Plans are special punch applications that periodically execute punchlines. Refer to the plan concept overview chapter to have a quick understanding.

Batch punchlines are commonly used to perform aggregations, compute some models, in short do useful things but require to be scheduled periodically.

Plans are the building block provided by the punch to let you define how often you want to run a batch punchline and more importantly how to update your input data time ranges so that every time your punchline runs, it processes the right input dataset.

Think of plan as a mean to say : "every hour execute that batch punchline over the last 4 hours of data" for example.

Configuration

In this quick tour we will have a look at the simplest possible plan.

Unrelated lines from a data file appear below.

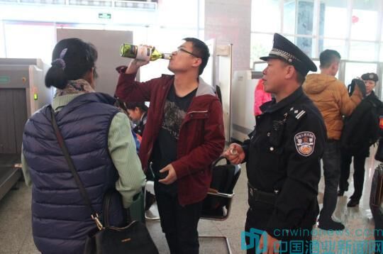 散裝白葡萄酒不能帶上動車,為收藏空瓶,一對母子在海口動車站安檢處當場豪飲起瓶中葡萄酒。
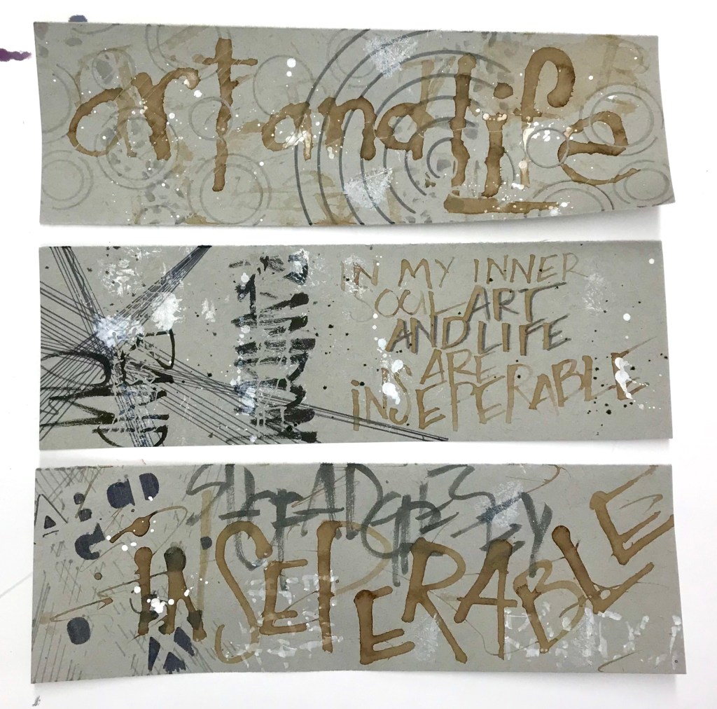 The eighth prompt in our calligraphy group was to create something inspired by Eva Hesse. I had never heard of her as an artist so my Google search yielded words like random, texture, and unconventional. I took those words to heart and wrote one of her quotes in three different ways. I prepared the three pieces of paper by adding resist, textural lines, circles, stamps and other random marks. I splattered and ‘flicked’ inks to add more texture. I let them dry then moved forward in writing the main quote.
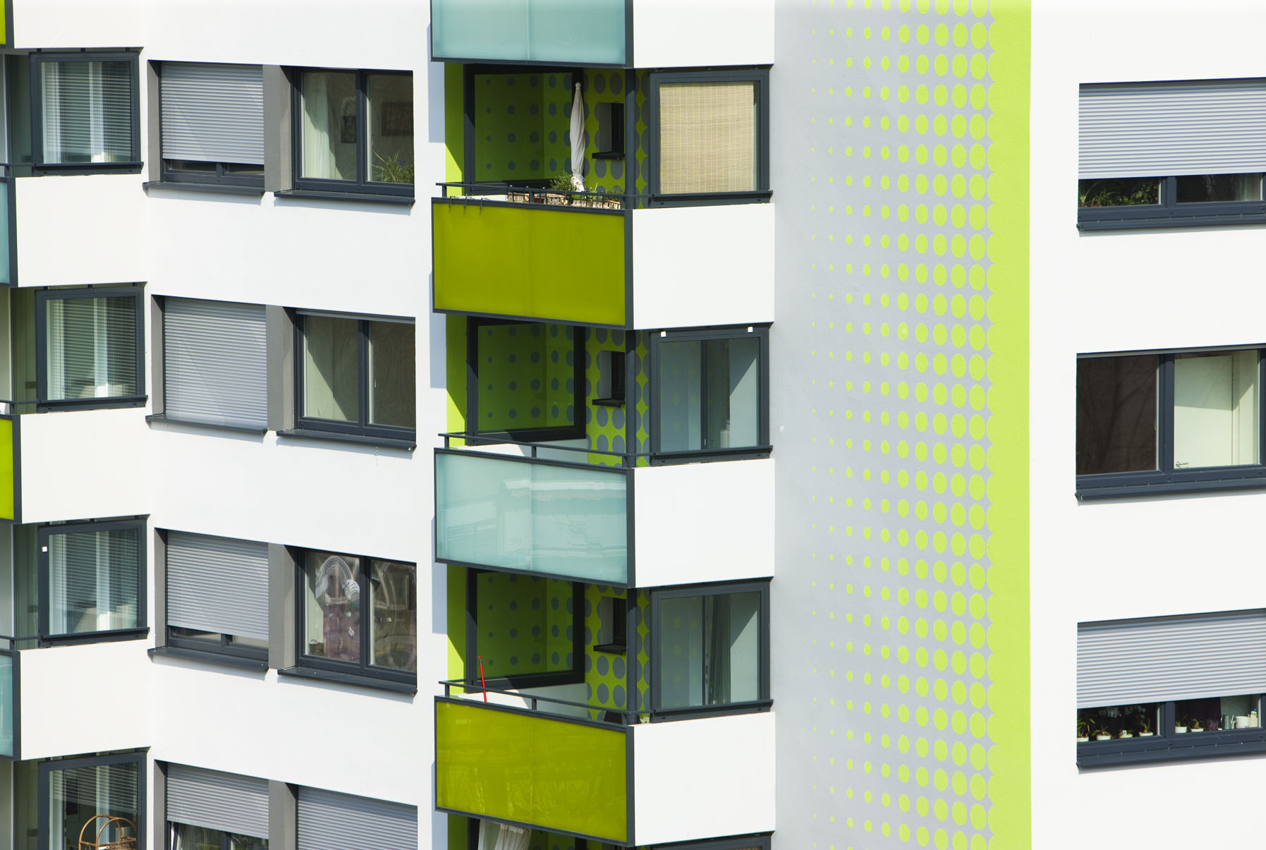 Der Aufwand scheint sich gelohnt zu haben: Heute ist der Heizwärmebedarf von jährlich 68 auf 15 Kilowattstunden pro Quadratmeter gesunken. Die Bewohner benötigen 80 Prozent weniger Heizenergie. Durch neue Grundrisse ist die Wohnfläche zudem insgesamt um fast 1.000 Quadratmeter gestiegen. 49 zusätzliche Wohneinheiten entstanden so für den überhitzten Freiburger Mietmarkt – ohne zusätzliche Baugrundstücke zu benötigen. Der Trick dabei: Die bestehenden Loggien integrierten die Planer in die Wohnungen und setzten stattdessen neue Balkone vor die von vom Freiburger Malerbetrieb Hermann Emter in Zusammenarbeit mit StoDesign gestaltete Fassade, auf der eine Oberfläche mit Lotus-Effekt-Technologie für lange Renovierungsintervalle sorgt.

cd $PUNCHPLATFORM_CONF_DIR/samples/plans/basic

There you have a plan and the punchline template. Have a look at their content. Here is the plan:

---
version: '6.0'
model:
  dates:
    from:
      offset: -PT1m
      format: yyyy-MM-dd'T'HH:mmZ
    to:
      format: yyyy-MM-dd'T'HH:mmZ
settings:
  cron: '*/1 * * * *'

A plan (mainly) is in charge on generating dates. Dates are then consumed by a punchline.

Dates templating

The PT1m is a standard way to express "now minus one minute". As for the cron expression it means : run the punchline every minute.

Here is the punchline template file content:

---
type: punchline
runtime: spark
version: '6.0'
dag:
- settings:
    input_data:
    - date: "{{ from }}"
      name: from_date
    - date: "{{ to }}"
      name: to_date
  component: input
  publish:
  - stream: data
  type: dataset_generator
- settings:
    truncate: false
  component: show
  subscribe:
  - component: input
    stream: data
  type: show

That is a simple punchline that prints to stdout the input node generated columns. These columns contain the dates generated by the plan.

Try it

To start this plan here is the command line:

planctl start --plan plan.yaml --template template.yaml

You will see the result of the spark punchline printed every minute. Check in particular the dataset column, there you have your dates. Every punchline property can be templatized using dates or other values. This simple mechanism is thus very powerful.

Important

Punch plans benefit from many production grade features such as persitent cursors, high-availability, monitoring. These are described in the reference guide plan chapter.

Plan Alternatives ?

Plans are both simple and powerful. A number of well-known technologies provide the same sort of resilient scheduling power. For example apach AirFlow, of Kubernetes Argo Workflow. These technologies are way way more complex and heavyweight. The beauty of punch plans is that they run on tiny, small medium or larg-scale platforms.